* **SUPPLIED INFORMATION**
========
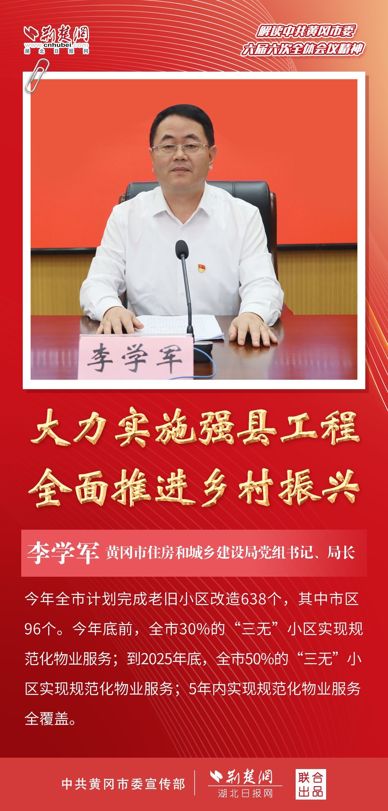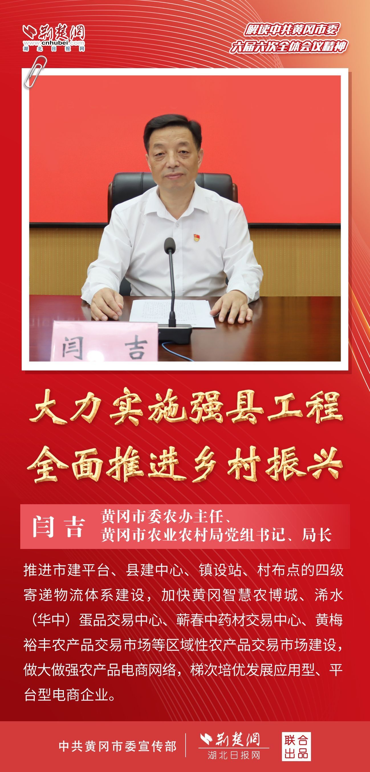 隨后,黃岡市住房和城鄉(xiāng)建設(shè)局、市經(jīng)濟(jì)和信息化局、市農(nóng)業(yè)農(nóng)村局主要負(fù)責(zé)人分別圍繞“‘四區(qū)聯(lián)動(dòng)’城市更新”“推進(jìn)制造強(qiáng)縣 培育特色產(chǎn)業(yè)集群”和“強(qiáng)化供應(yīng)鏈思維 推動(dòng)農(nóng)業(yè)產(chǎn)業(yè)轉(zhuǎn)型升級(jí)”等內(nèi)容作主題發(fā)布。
========
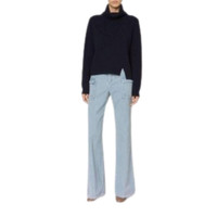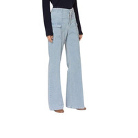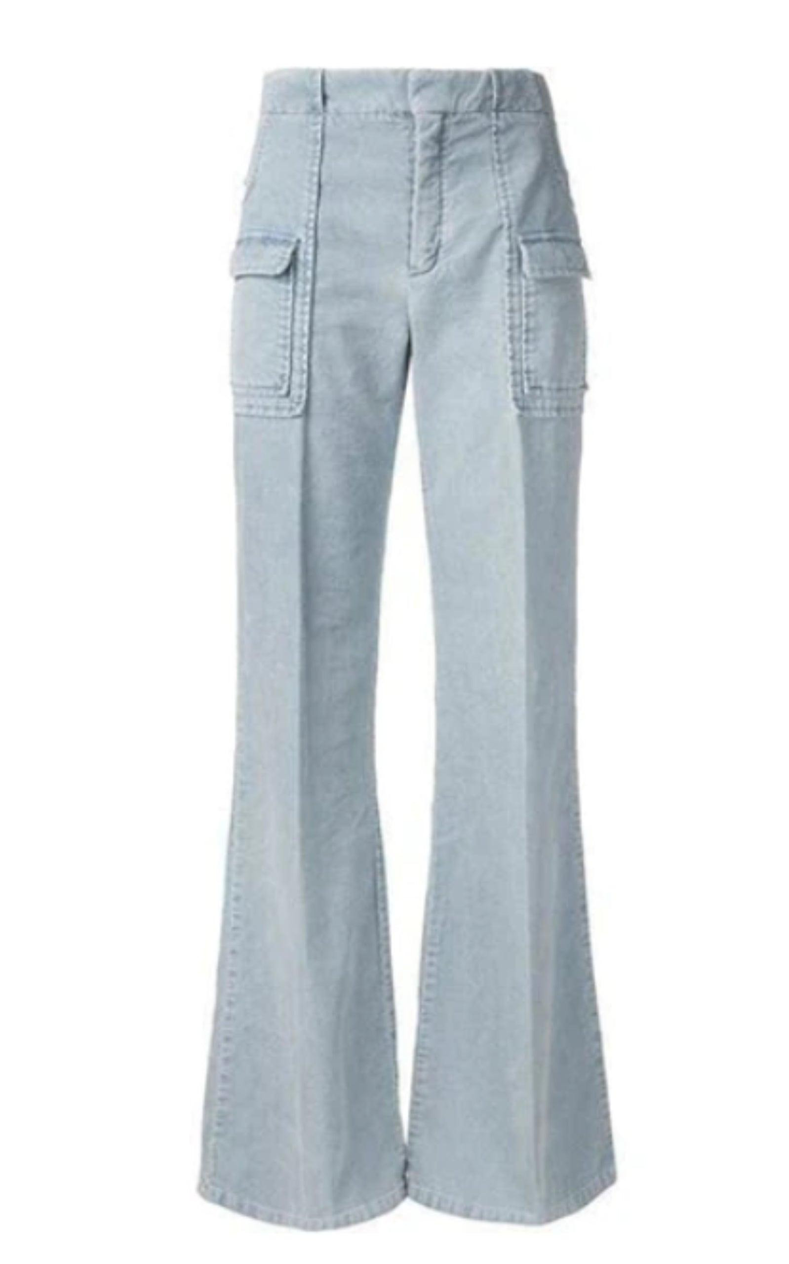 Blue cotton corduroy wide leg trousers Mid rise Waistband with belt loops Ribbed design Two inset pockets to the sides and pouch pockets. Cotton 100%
========
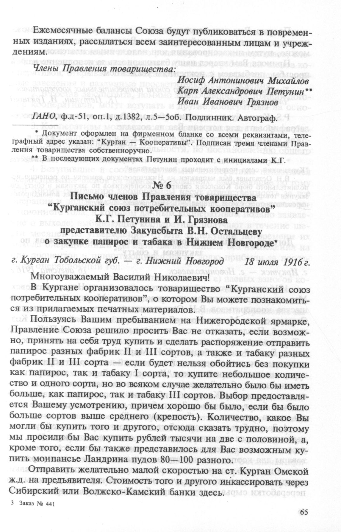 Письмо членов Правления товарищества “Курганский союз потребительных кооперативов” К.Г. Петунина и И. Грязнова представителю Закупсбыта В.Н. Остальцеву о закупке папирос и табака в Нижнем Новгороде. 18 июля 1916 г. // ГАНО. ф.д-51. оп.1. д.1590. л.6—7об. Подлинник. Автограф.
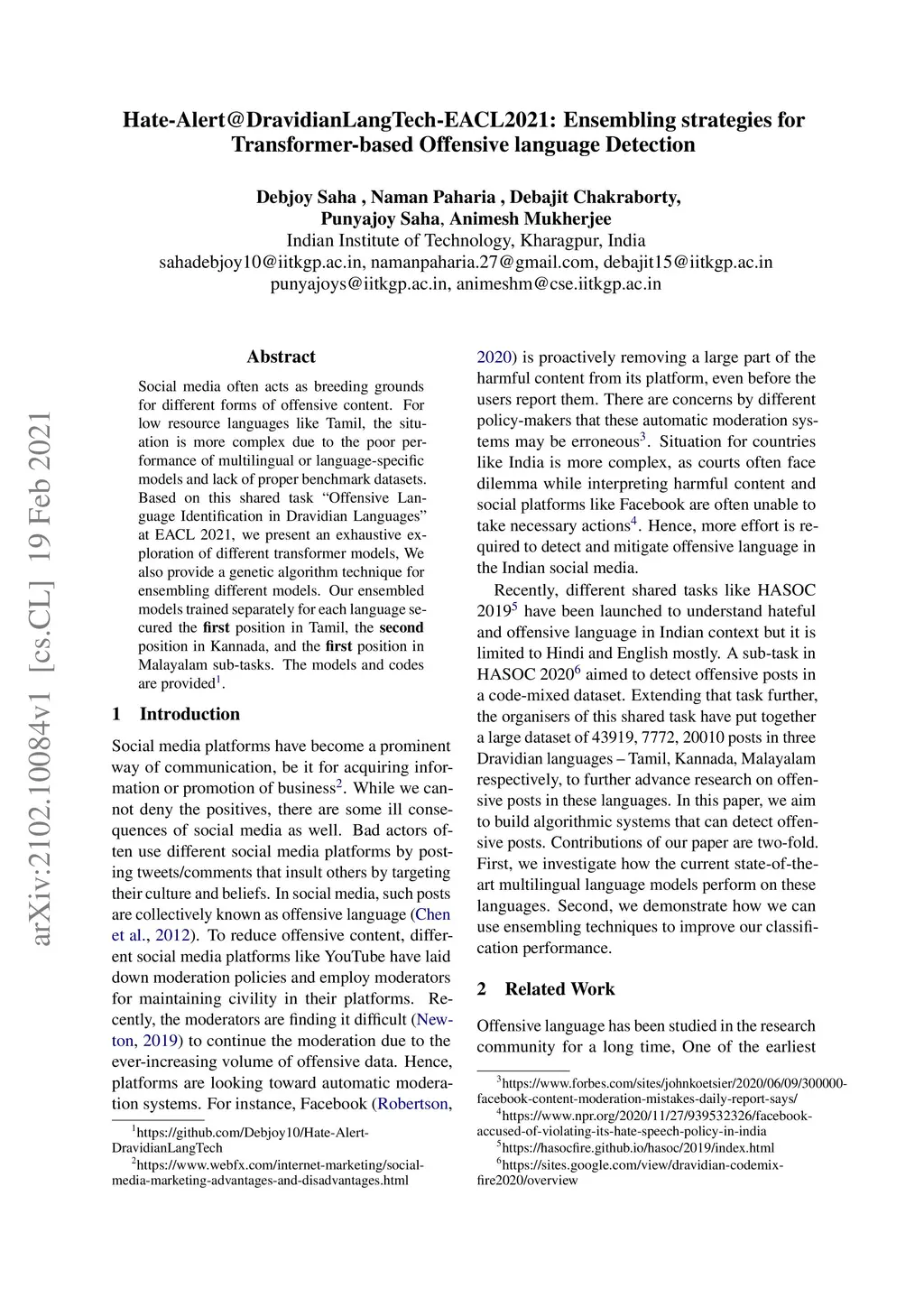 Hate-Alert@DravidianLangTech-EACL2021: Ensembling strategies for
========
* **WHAT IS EXPECTED**
Return exactly the stretch above whose first line contains "Письмо членов Правления" and whose last line contains "Hate-Alert@DravidianLangTech-EACL2021: Ensembling strategies", and nothing outside it. The pictures should not appear.

* **RESPONSE TO THIS EXERCISE**
 Письмо членов Правления товарищества “Курганский союз потребительных кооперативов” К.Г. Петунина и И. Грязнова представителю Закупсбыта В.Н. Остальцеву о закупке папирос и табака в Нижнем Новгороде. 18 июля 1916 г. // ГАНО. ф.д-51. оп.1. д.1590. л.6—7об. Подлинник. Автограф.
 Hate-Alert@DravidianLangTech-EACL2021: Ensembling strategies for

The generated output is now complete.